#### TASK TO COMPLETE:
Drop every image, then reproduce the data exactly as given.

#### MATERIAL PROVIDED:
-----
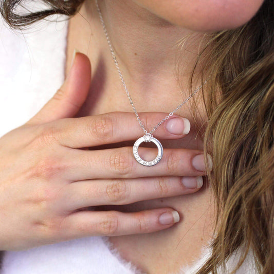Prix habituelCollier cercle personnalisé en argent sterling avec nom de famille
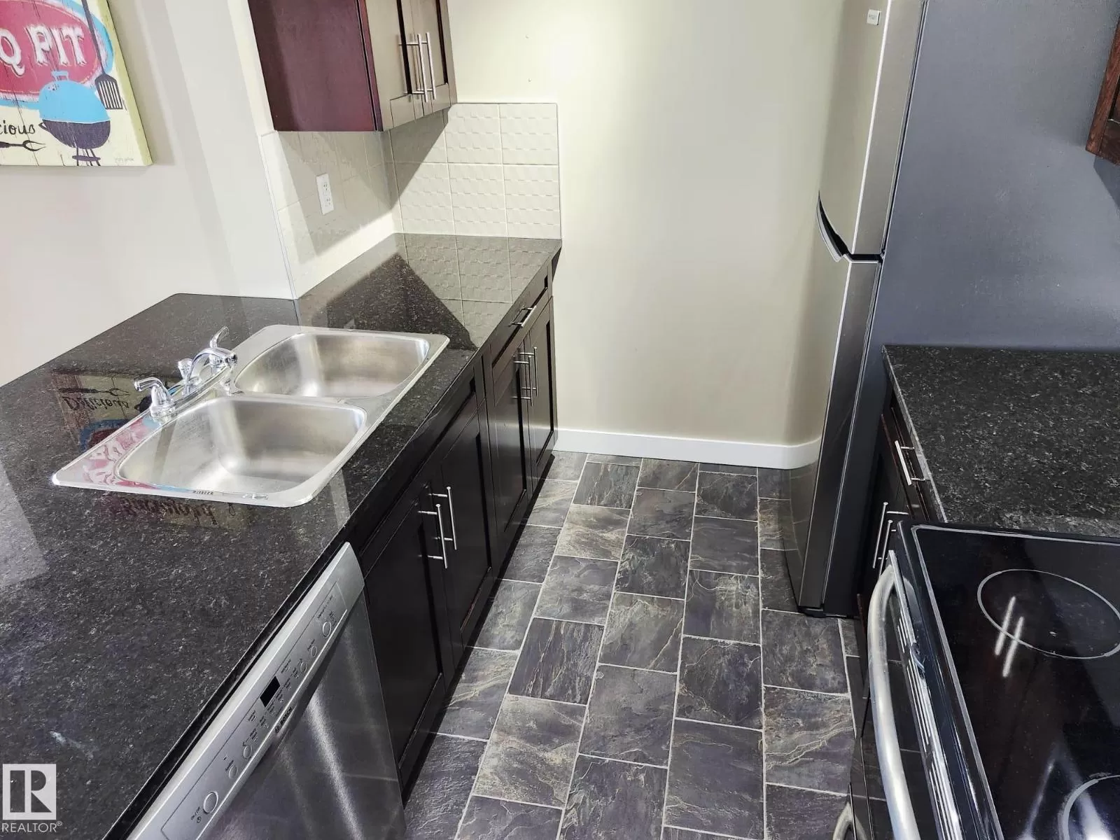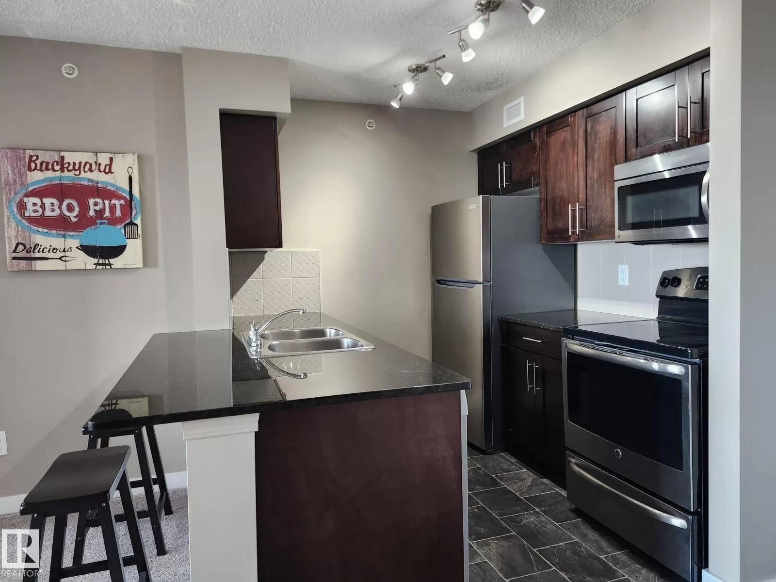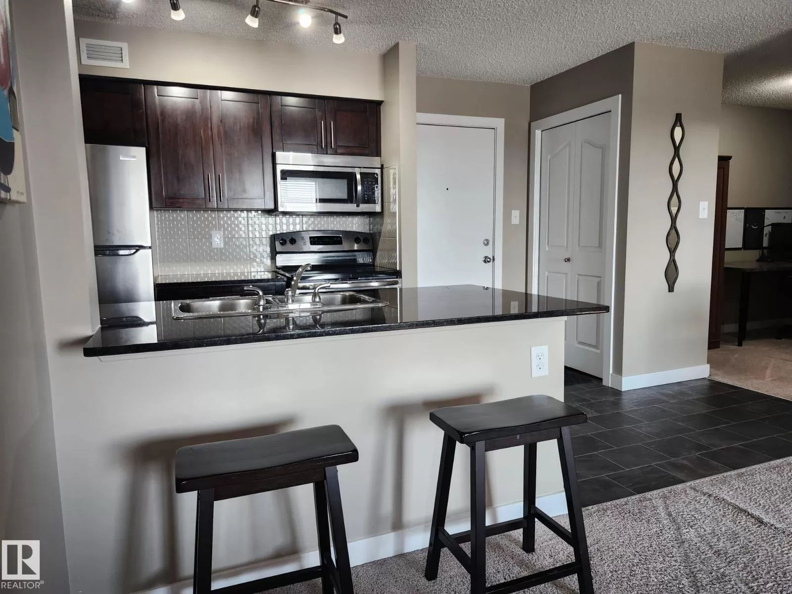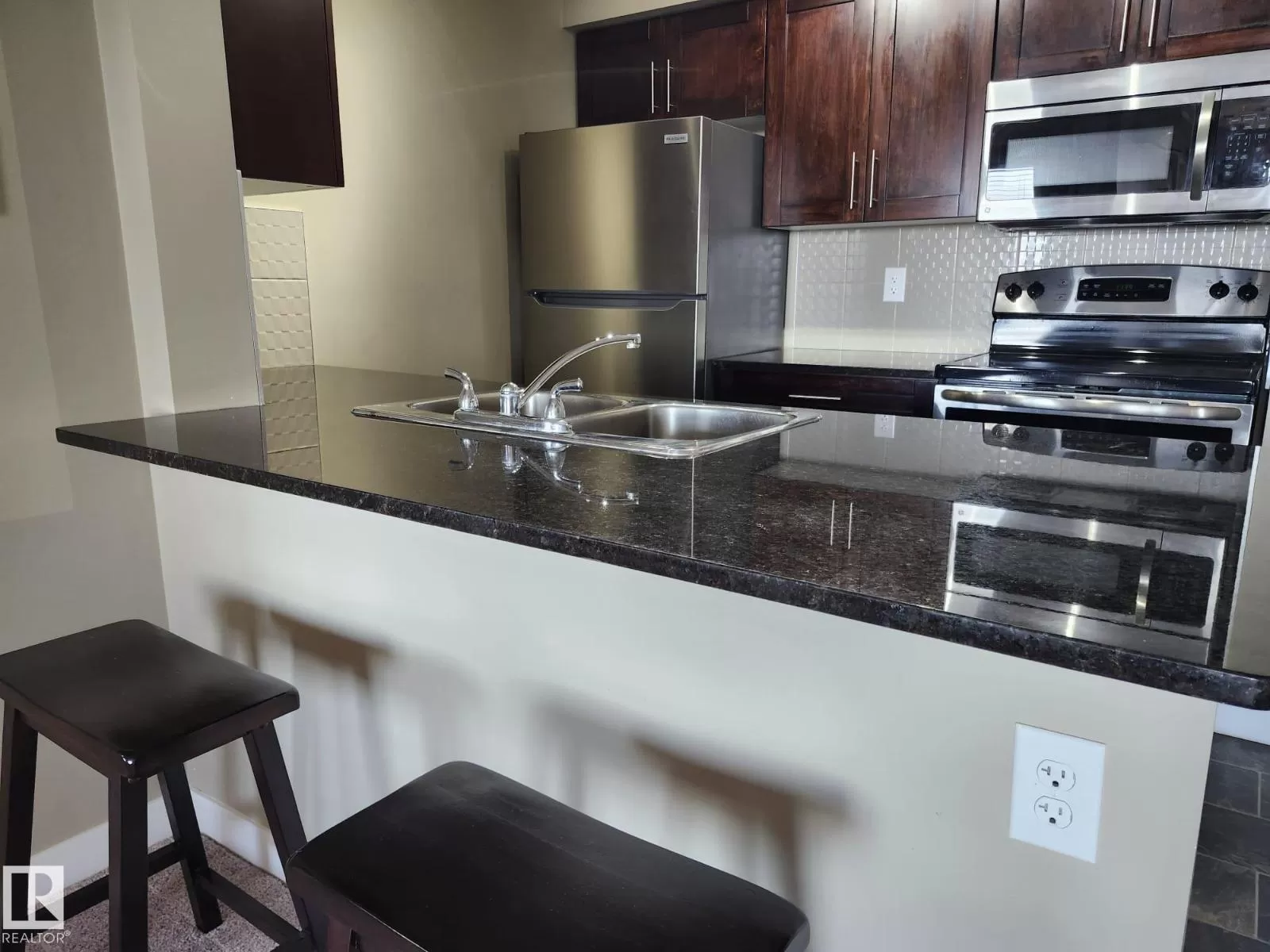 TOP FLOOR Corner Unit with 2 HEATED UNDERGROUND parking stalls, 2 STORAGE UNITS, & IN-SUITE LAUNDRY. Stunning Views! This original owner condo is impeccably clean, beautifully maintained, and offers 2 BEDS + a DEN, 2 full bathrooms, & the comfort of CENTRAL AIR CONDITIONING. Enjoy the privacy & extra light of a top floor corner unit w/ expansive views overlooking GREEN SPACE. Featuring 2 The stylish kitchen is equipped w/ rich dark maple cabinetry, luxurious granite countertops, stainless steel appliances, a breakfast bar, & a dedicated dining area. Abundant windows fill the space w/ natural light, creating a warm, inviting atmosphere. The spacious living room opens to a covered balconyâperfect for relaxing & enjoying the view. The primary suite includes a walkthrough closet & 4-piece ensuite. A generous 2nd bedroom, versatile DEN, & another full bathroom complete the layout. Well maintained building by schools, parks, trails, shopping, public transit, & easy access to henday. (id:27476)
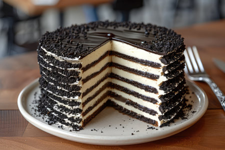 Delicious layered chocolate cake with creamy filling displayed on wooden board in cozy café setting
-----
#### COMPLETED EXERCISE:
Prix habituelCollier cercle personnalisé en argent sterling avec nom de famille
 TOP FLOOR Corner Unit with 2 HEATED UNDERGROUND parking stalls, 2 STORAGE UNITS, & IN-SUITE LAUNDRY. Stunning Views! This original owner condo is impeccably clean, beautifully maintained, and offers 2 BEDS + a DEN, 2 full bathrooms, & the comfort of CENTRAL AIR CONDITIONING. Enjoy the privacy & extra light of a top floor corner unit w/ expansive views overlooking GREEN SPACE. Featuring 2 The stylish kitchen is equipped w/ rich dark maple cabinetry, luxurious granite countertops, stainless steel appliances, a breakfast bar, & a dedicated dining area. Abundant windows fill the space w/ natural light, creating a warm, inviting atmosphere. The spacious living room opens to a covered balconyâperfect for relaxing & enjoying the view. The primary suite includes a walkthrough closet & 4-piece ensuite. A generous 2nd bedroom, versatile DEN, & another full bathroom complete the layout. Well maintained building by schools, parks, trails, shopping, public transit, & easy access to henday. (id:27476)
 Delicious layered chocolate cake with creamy filling displayed on wooden board in cozy café setting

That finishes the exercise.